This time last year, rain poured down, rivers flooded and people were soaked.
Looking outside today, the sun is shining and leaves crunch under people's feet as they stroll around town, despite the chilly weather.
And it is going to stay very dry and very cold, according to Bob Smerbeck, senior meteorologist for Accuweather.com, a private forecasting service.
Smerbeck said while last year's heavy rain was one for the record books, this season's unusually dry winter weather in Lodi is also very odd.
"We certainly have an interesting situation here," he said. "It's almost like a waiting game to see if the dry weather will wear out. It will be like a broken record for a while, with dry days and very cold nights. But hopefully that will change."

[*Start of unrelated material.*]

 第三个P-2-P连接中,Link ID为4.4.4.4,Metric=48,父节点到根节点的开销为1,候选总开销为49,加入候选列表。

The foreseeable future will remain dry as well, Smerbeck added, with day temperatures reaching the mid-50s this weekend, but nights getting extremely cold, as low as 31 degrees. Monday should warm up slightly, Smerbeck said, but Lodi temperatures will never peak past the high-50s.

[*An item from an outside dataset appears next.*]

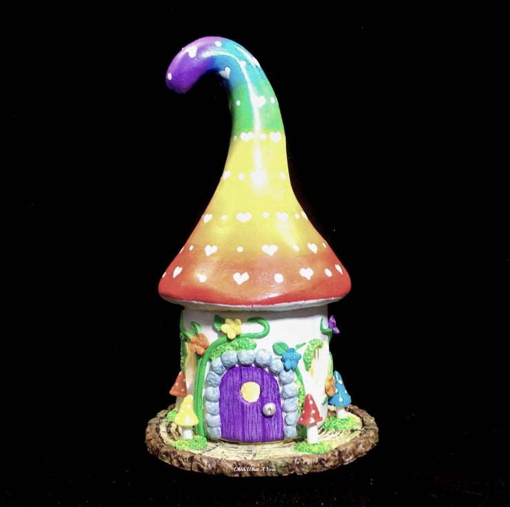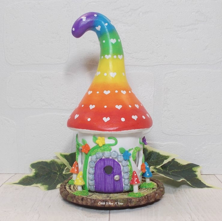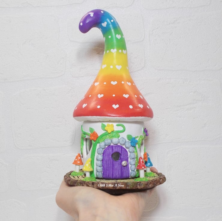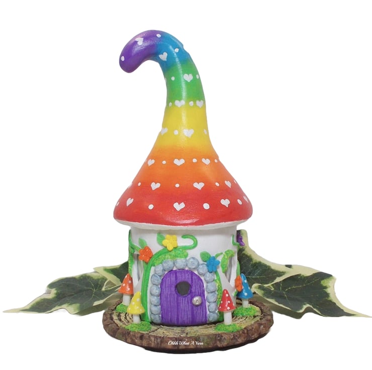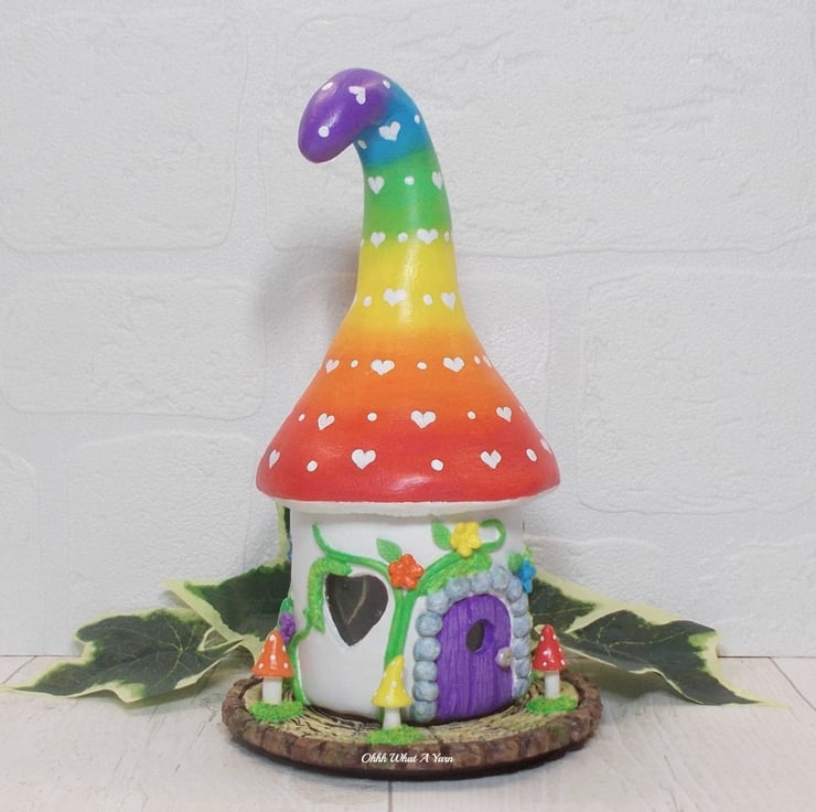 The rainbow toadstool top is painted with an ombre rainbow effect with little white painted love hearts.

The dry days are thanks to a high pressure system sitting offshore near Northern California, causing storms to basically wiggle around the region and into Southern California instead.
Smerbeck said that for La Niña weather, that was not necessarily normal.
La Niña is a perennial cooling of the Pacific Ocean near the equator that causes a jet stream to arc north. It is a temperamental occurrence in California because the position of the jet stream determines whether the state is wet or dry in La Niña conditions.
But Charles Hardy, spokesperson for East Bay Municipal Utility District, said the dry weather is not a bad thing, at least not right now.
Hardy said last year's incredible amounts of rain have left the water systems extremely full and that the little rain in November and the absolute lack of rain in December are not to be cause for concern.
As of midnight Thursday, the Pardee Reservoir was still 84 percent full, Hardy said, and that alone determined that the area would not have a problem with water supply any time soon.
Hardy added that the Camanche Reservoir, which is currently 61 percent full, is right about where EBMUD would like it to be — one-third empty — to allow for flooding space.
"If we were low this time of year, we would be concerned, but we are not (low) yet," he said. "If we talk again in four or five weeks and there has been no rain or snow, we will start to take a different look. But for now, it is just a dry start and we are in good shape."